Reputation: 601
I'm trying to get some row data as columns with pandas.
My original dataframe is something like the following (with a lot more columns). Most data repeats for the same employee but some info changes, like salary in this example. Employees have different number of entries (in this case employee 1 has two entries, 2 has 4, and so on).
employee_id salary other1 other2 other3
1 50000 somedata1 somedata2 somedata3
1 48000 somedata1 somedata2 somedata3
2 80000 somedata20 somedata21 somedata22
2 77000 somedata20 somedata21 somedata22
2 75000 somedata20 somedata21 somedata22
2 74000 somedata20 somedata21 somedata22
3 60000 somedata30 somedata31 somedata32
I'm trying to get something like the following. Salary data should span a few columns and use the last available salary for employees with fewer entries (the repeated salary values in this example).
employee_id salary prevsalary1 prevsalary2 prevsalary3 other1 other2 other3
1 50000 48000 48000 48000 somedata1 somedata2 somedata3
2 80000 77000 75000 74000 somedata20 somedata21 somedata22
3 60000 60000 60000 60000 somedata30 somedata31 somedata32
I tried grouping
df.groupby(["employee_id"])['salary'].nlargest(3).reset_index()

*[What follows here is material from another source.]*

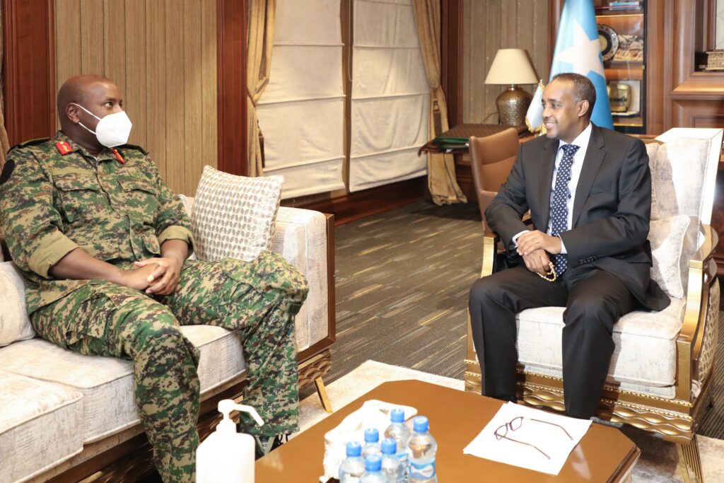 The Commander Land Forces is visiting Uganda troops in Somalia where he also met Somali politicians including the Prime Minister Mohamed Roble.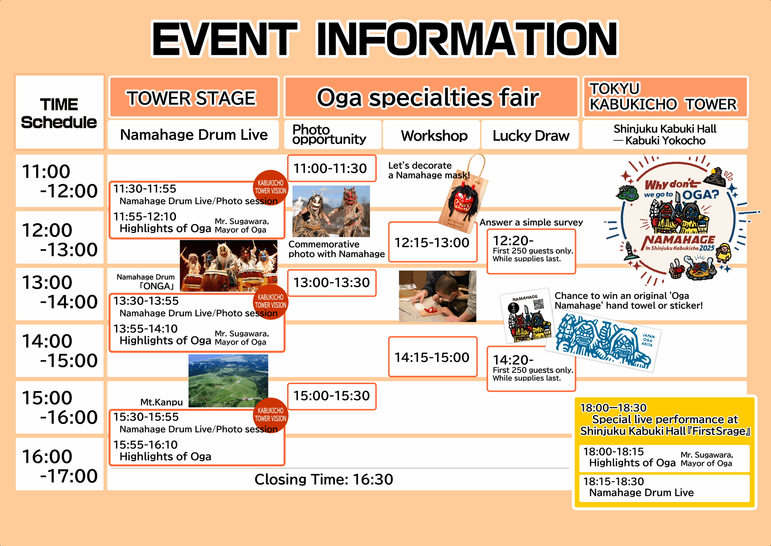 Please be at the Namahage Craft Workshop Booth in the venue at least five minutes before your session begins.

But I dont get all columns. I can't find a way to preserve the rest of columns. Do I need to merge, concatenate or something like that with the original dataframe?
Also, I get a column named "level_1". I think I could get rid of it by using reset_index(level=1, drop=True)

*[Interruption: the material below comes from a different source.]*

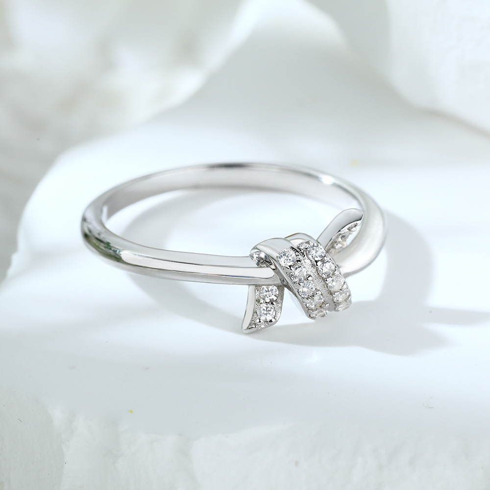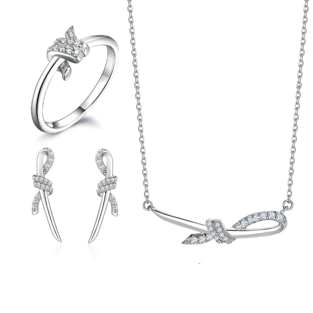 S925 sterling silver bow ring zircon stud earrings fashion ribbon necklace luxury women’s jewelry set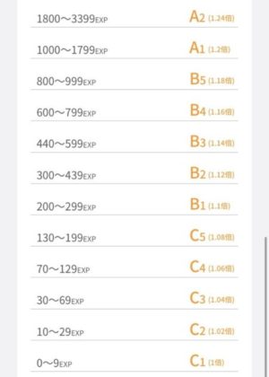 最低でもS1ランクに到達するためには、25,000EXPを8週間で達成する必要があります。

but I believe this doesn't return a dataframe.
And finally, I guess if I get this grouping right, there's one more step to get the columns... maybe using pivot
or unstack
?
I'm starting my journey into machine learning and I keep scratching my head with this one, I hope you can help me :)
Creating dataset:
df = pd.DataFrame({'emp_id':[1,1,2,2,2,2,3],'salary':[50000,48000,80000,77000,75000,74000,60000]})

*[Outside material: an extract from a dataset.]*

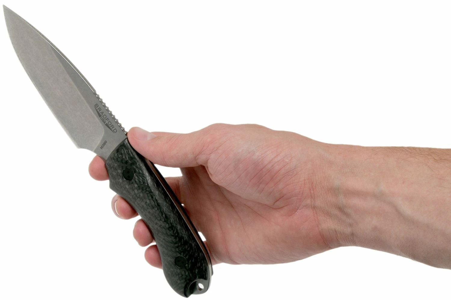 El Bradford Guardian 4 es un buen cuchillo fijo para tareas de exterior. Desde la caza y el senderismo hasta la caza y la supervivencia. Tiene una hoja de 11,8 cm y debido a la gran ranura para los dedos, justo detrás del filo, tienes mucho control sobre la hoja.

df['other1'] =['somedata1','somedata1','somedata20','somedata20','somedata20','somedata20','somedata30']
df['other2'] = df['other1'].apply(lambda x: x+'1')
df['other3'] = df['other1'].apply(lambda x: x+'2')
df
Out[59]:
emp_id salary other1 other2 other3
0 1 50000 somedata1 somedata11 somedata12
1 1 48000 somedata1 somedata11 somedata12
2 2 80000 somedata20 somedata201 somedata202
3 2 77000 somedata20 somedata201 somedata202
4 2 75000 somedata20 somedata201 somedata202
5 2 74000 somedata20 somedata201 somedata202
6 3 60000 somedata30 somedata301 somedata302
Upvotes: 2
Views: 84
Reputation: 765
def function1(dd: pd.DataFrame):
return pd.DataFrame(data=dd.T.to_numpy(),index=dd.iloc[[0]].index)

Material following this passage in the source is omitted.